Eight hours later, the pupil has worked its way through every level. The final hour’s emissions look like this:
shepaws sinds ppos arn f chiatalel ctics meine p ps mes rices
rinalinon ricasa try phoca gona lonary phetin on ches ehes lininin
That’s babble — but it’s English-shaped babble with real words
embedded. The non-words have English prosody (shepaws, chiatalel,
rinalinon, phetin); the real words land naturally in the stream
(arn, mes, rices, try, phoca, gona, on).
Numbers
- Compute: M2 Max MacBook Pro, 96 GB unified memory. No GPU beyond the M-series. MLX framework.

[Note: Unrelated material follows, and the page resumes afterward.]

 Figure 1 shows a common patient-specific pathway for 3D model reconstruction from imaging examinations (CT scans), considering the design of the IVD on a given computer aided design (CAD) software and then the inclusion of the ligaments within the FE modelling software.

- Model: byte-level decoder-only transformer. 4 layers, 256 hidden dim, 4 heads, 128-byte context window. ~1.6 M parameters. Random init.
- Training time: 28 800 s wall-clock (8 h 0 m 19 s including trace sampling overhead).
- Final
%dict(strict WordNet verifier, length ≥ 3): 0.21. Untrained baseline: ~0.04. - Final
%letters: 0.78 (of emitted bytes are alphabetic). - Final
%shape(letter-runs of plausible word length 3–12): 0.60. - Loss EMA: 2.43 → 1.97 over the 8 hours.

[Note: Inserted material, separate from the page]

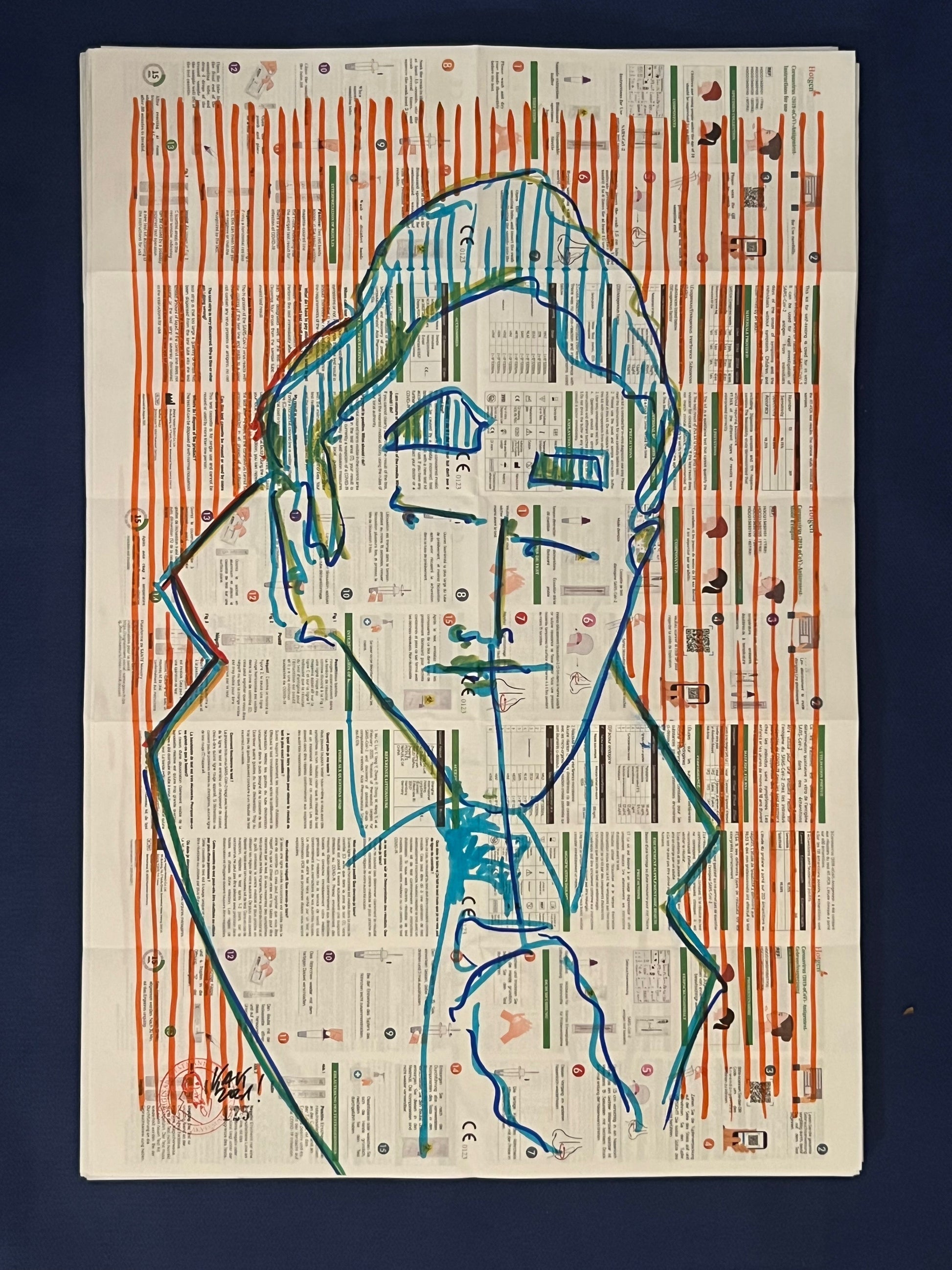 Eine Zeichnung des sich selbst testenden Coronatestmann mit Edding in Orange, Olivgrün, Dunkelblau und Hellblau auf dem Beipackzettel eines Corona-Antigentests. Dieses Original ist signiert sowie datiert im September 2020 und trägt die fortlaufende Nummer 125.

- Working vocabulary at end of run: the full strict-verifier dictionary, 96 715 words. The model isn’t fluent over it — final per-level success rate at L5 is 21% — but it’s exposed to and scored against the whole list.
The headline plot:
Top panel: %letters across the seven 10-minute design iterations.
Second: %dict across the same iterations. Third: the 8-hour
overnight %dict trajectory. Bottom: focus level over time for the
three curriculum-driven runs, with x-axes in minutes for the short
runs and hours for the long one.
Why this is interesting
The dominant paradigm for building language models is pretraining on massive curated corpora, in well-resourced labs, with compute budgets that range from “expensive” to “national-priority.” This experiment is the opposite: tiny model, no corpus, no lab, one laptop, overnight.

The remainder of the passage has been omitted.